The Church of England is the Anglican communion.

That’s an interesting statement: what do you mean? My understanding is that the Church of England is one of 30-odd provinces, and one of 40-odd churches, in the Communion.

Incidentally, I think I may have erred in stating that the united Indian churches are provinces of the Communion. It may be more proper to say that they are member of the Communion but not provinces of it. What the difference is … escapes me.

I had the Indian Churches in my mind as examples. But not in sufficient detail as to mention them.
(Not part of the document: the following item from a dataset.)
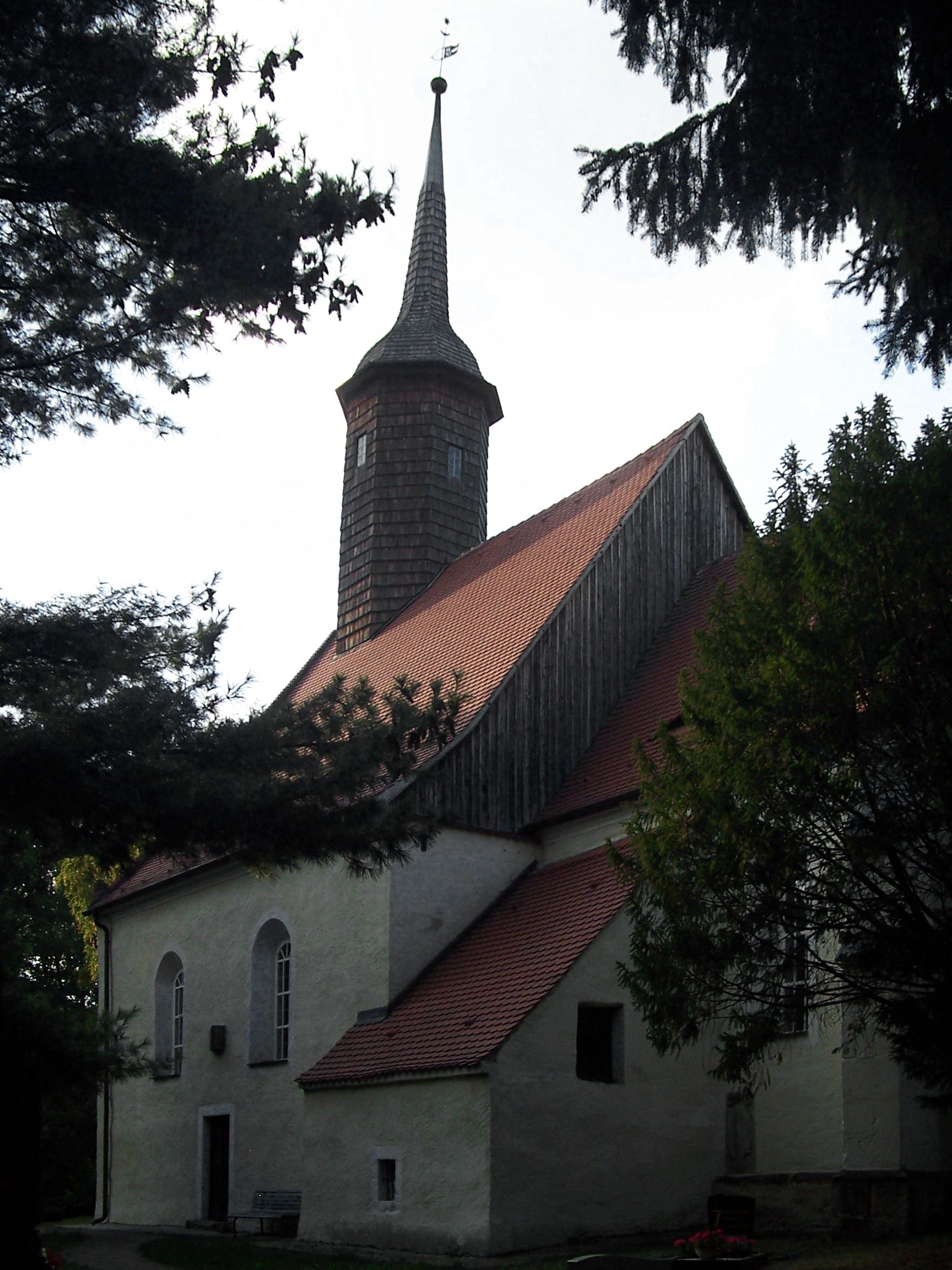Dorfkirchen können durchaus etwas Besonderes sein. So auch die in Lausa. Schon von weitem sieht man den Kirchturm (eigentlich ist es ein Dachreiter) und ist erst einmal fasziniert davon, dass das spitz aufragende, leicht schräg stehende Türmchen mit Holzschindeln bedeckt ist. Erst auf den zweiten Blick sieht man eine noch viel größere Besonderheit: Die Wetterfahne auf der Spitze zeigt nicht nur den Fisch als Christus-Symbol, sondern auch einen kupfernen Halbmond mit Stern darüber…
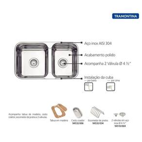 Material: Aço Inox AISI 304 Instalação: Embutir ou sobrepor Espessura: 0,7 mm. Acabamento: polido. Profundidade da cuba 140 mm. Capacidade: 16 + 12,5 L Acompanha: 2 válvulas de 4 1/2 Cesto Coador Tábua de madeira Escorredor de Pratos Manta adesiva anti-ruído: sim Imagens Ilustrativas. As tonalidades e acabamentos (texturas) podem variar de um produto a outro.

As to para 1, yes. The CoE is the mother Church of the Anglican offspring, many of whom are formally independent and self-governing member Churches of the Anglican Communion. The CoE is one of those, and the Primate of the CoE (Cantaur), in addition to his day job, is the titular head of the formal Anglican Communion


While obviously I disagree with Episcopalianism, I’ve never taken any pleasure in watching lefty moonbats figuratively burn the denomination to the ground. Frankly, I’m not optimistic as the progressives have an increased share in a diminished market.

Several day jobs: Archbishop of Canterbury and Metropolitan, Primate of All England, President of General Synod, Privy Counsellor, lord spiritual, among others. And member of the Parliamentary Commission on Banking Standards, poor soul.

I mean the Church of England is where the Anglican communion was born.



I take small pleasure in the train wreck myself.